Therapies for dopaminergic-induced dyskinesias in Parkinson disease.

机构信息

Department of Clinical Pharmacy, University of California, San Francisco, San Francisco, CA, USA.

出版信息

Ann Neurol. 2011 Jun;69(6):919-27. doi: 10.1002/ana.22423.

Abstract

Existing and emerging strategies for managing L-dopa-induced dyskinesias (LIDs) in patients with Parkinson disease have involved either delaying the introduction of L-dopa therapy, treatment with an antidyskinetic agent, using a therapy or delivery system that can provide continuous dopaminergic stimulation, or using novel agents that target receptors implicated in the mechanisms underlying LIDs. Treatment with dopamine agonists such as pramipexole or ropinirole allows levodopa to be delayed, but once levodopa is added to the drug regimen the usual course of onset of dyskinesias is observed. Amantadine, an N-methyl-D-aspartate antagonist, is so far the only approved compound with evidence of providing a sustained antidyskinetic benefit in the absence of unacceptable side effects. These findings support the hypothesis of glutamate overactivity in the development of dyskinesias. More continuous delivery of dopaminergic medication, such as through intraintestinal or subcutaneous routes, is promising but invasive and associated with injection site reactions.
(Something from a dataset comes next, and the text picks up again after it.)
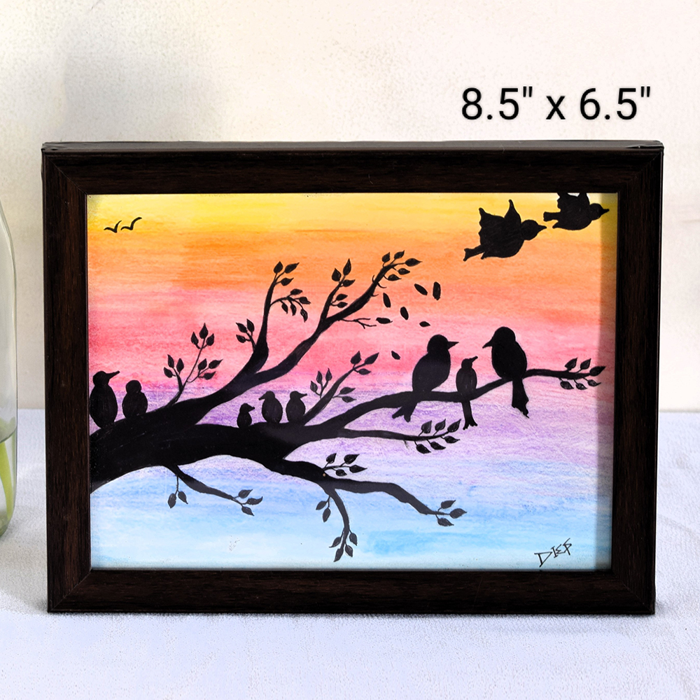 A heartwarming mixed media painting titled “The Birds Family” depicting a group of birds perched together on a tree branch, symbolizing unity, care, and familial warmth. The silhouettes are set against a softly blended watercolor sky in shades of yellow, orange, pink, and violet, evoking the peaceful charm of a sunset. This artwork beautifully combines emotional depth with aesthetic appeal, perfect for home décor or gifting to loved ones.

As a result of molecular research and elucidation of the role of a variety of neurotransmitters in the mechanism of LIDs, new compounds have been identified, including those that modulate the direct and indirect striatal output pathways; some of these new agents are in the early stages of development or undergoing proof-of-concept evaluation as antidyskinetic agents.

摘要

现有的和新兴的策略来管理左旋多巴诱导的运动障碍(LIDs)在帕金森病患者中,要么延迟左旋多巴治疗的引入,要么用抗运动障碍药物治疗,要么使用一种能提供持续多巴胺刺激的治疗或给药系统,要么使用针对LIDs 发病机制中涉及的受体的新型药物。用多巴胺激动剂,如普拉克索或罗匹尼罗治疗可以延迟左旋多巴的使用,但一旦左旋多巴加入药物治疗方案,通常会观察到运动障碍的发生。金刚烷胺,一种 N-甲基-D-天冬氨酸拮抗剂,是迄今为止唯一一种有证据表明在没有不可接受的副作用的情况下提供持续抗运动障碍益处的批准药物。这些发现支持谷氨酸过度活动在运动障碍发展中的假说。更持续地输送多巴胺药物,如通过肠内或皮下途径,是有前途的,但具有侵入性,并且与注射部位反应有关。由于分子研究和阐明各种神经递质在 LIDs 机制中的作用,已经确定了新的化合物,包括那些调节直接和间接纹状体输出途径的化合物;其中一些新的药物正处于早期开发阶段,或正在进行作为抗运动障碍药物的概念验证评估。